TASK ITEM: A word-for-word copy of the data, pictures excluded, is what this task asks for.

PROVIDED DATA:
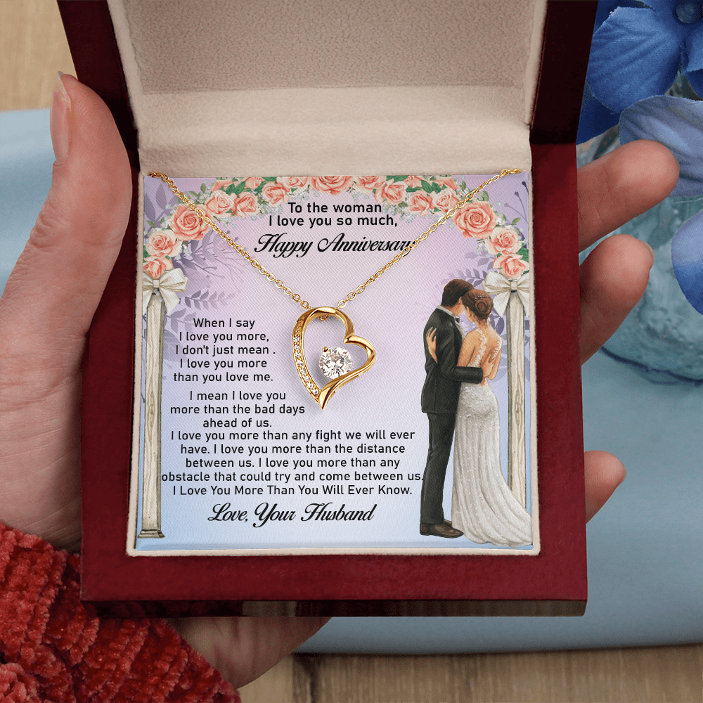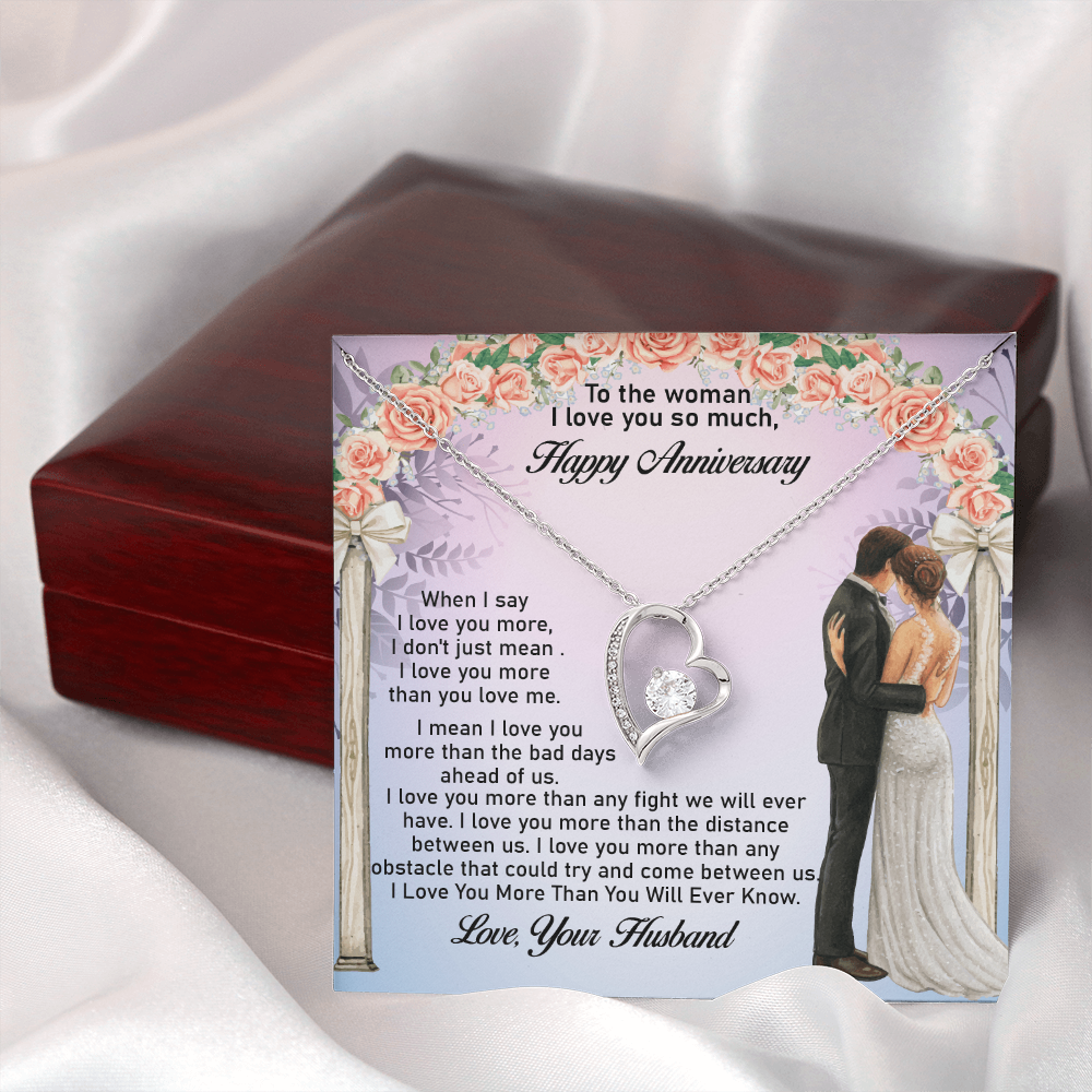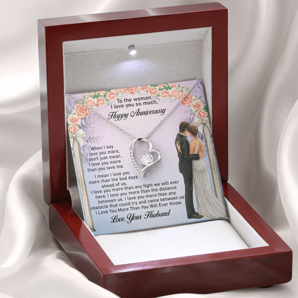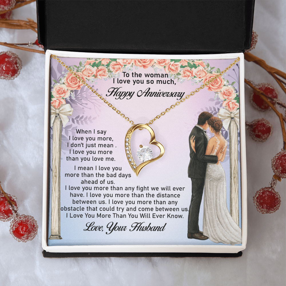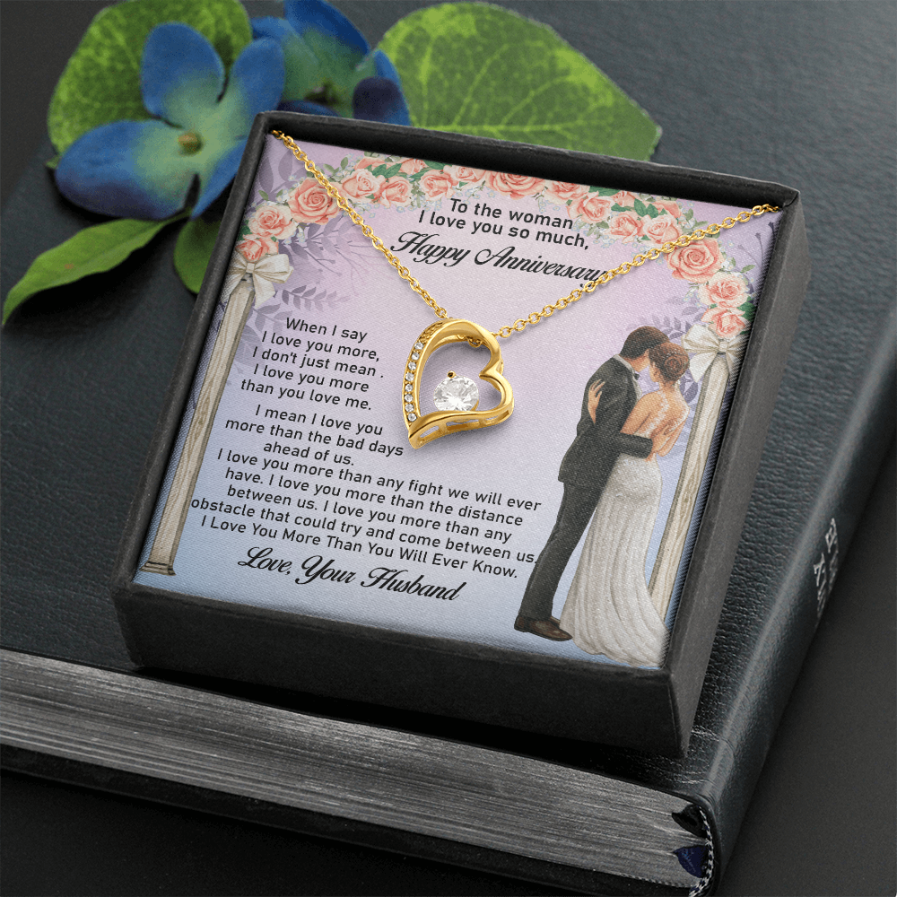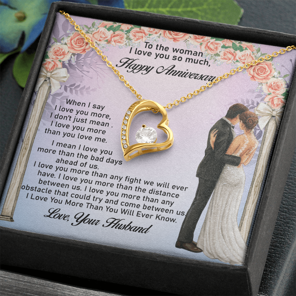Message: When I say I love you more, I don't just mean I love you more than you love me. I mean I love you more than the bad days ahead of us. I love you more than any fight we will ever have. I love you more than the distance between us. I love you more than any obstacle that could try and come between us. I Love You More Than You Will Ever Know.
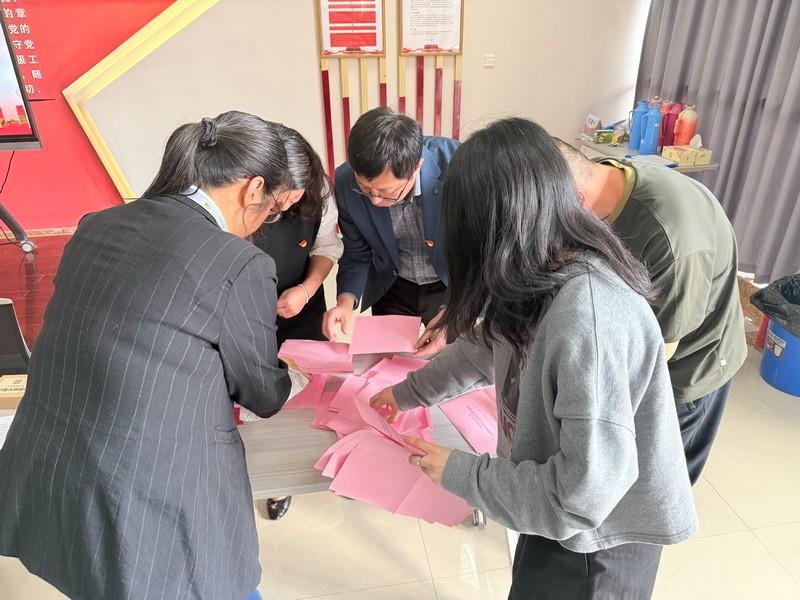 在随后进行的选举环节中,现场气氛庄重而热烈。在总监票人、监票人的监督下,工作人员当众检查票箱、清点并分发选票。与会党员本着对组织高度负责的态度,慎重地投下了自己庄严而神圣的一票。经过严格的投票、监票和计票程序,大会以无记名投票方式,差额选举产生了由五名同志组成的新一届总支部委员会。
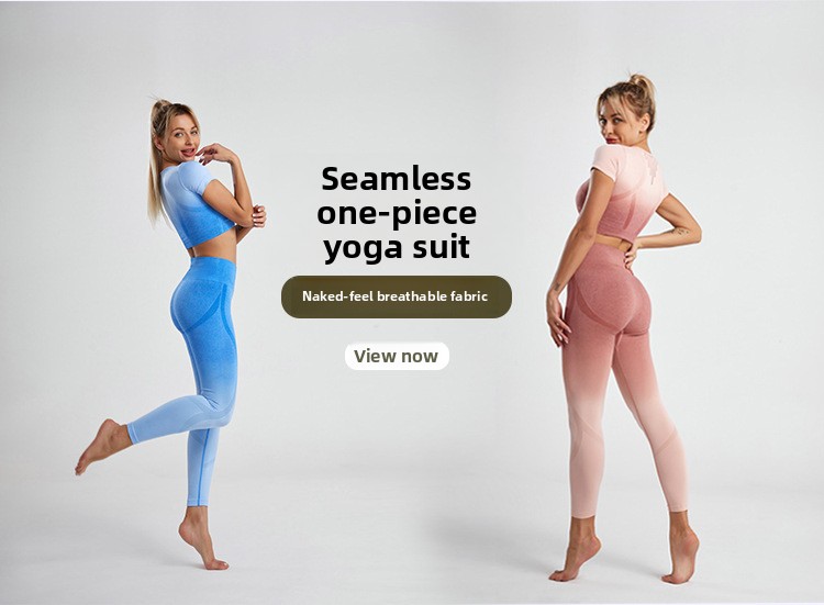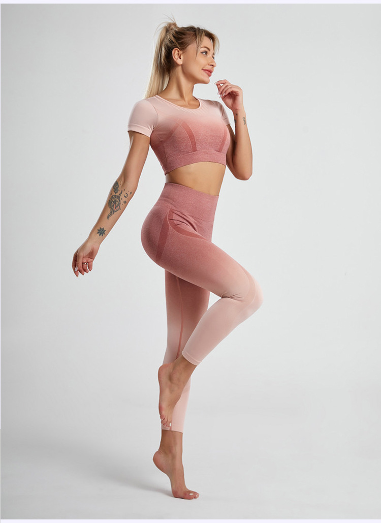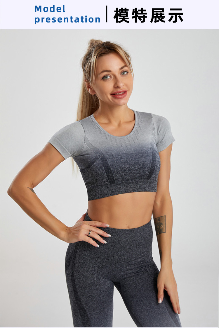 Yoga Clothing Shock-proof Sports Short-sleeved High-waisted Summer Yoga Clothing Suit Women's Summer Sports Suit Women's European and American

ANSWER SPACE:
Message: When I say I love you more, I don't just mean I love you more than you love me. I mean I love you more than the bad days ahead of us. I love you more than any fight we will ever have. I love you more than the distance between us. I love you more than any obstacle that could try and come between us. I Love You More Than You Will Ever Know.
 在随后进行的选举环节中,现场气氛庄重而热烈。在总监票人、监票人的监督下,工作人员当众检查票箱、清点并分发选票。与会党员本着对组织高度负责的态度,慎重地投下了自己庄严而神圣的一票。经过严格的投票、监票和计票程序,大会以无记名投票方式,差额选举产生了由五名同志组成的新一届总支部委员会。
 Yoga Clothing Shock-proof Sports Short-sleeved High-waisted Summer Yoga Clothing Suit Women's Summer Sports Suit Women's European and American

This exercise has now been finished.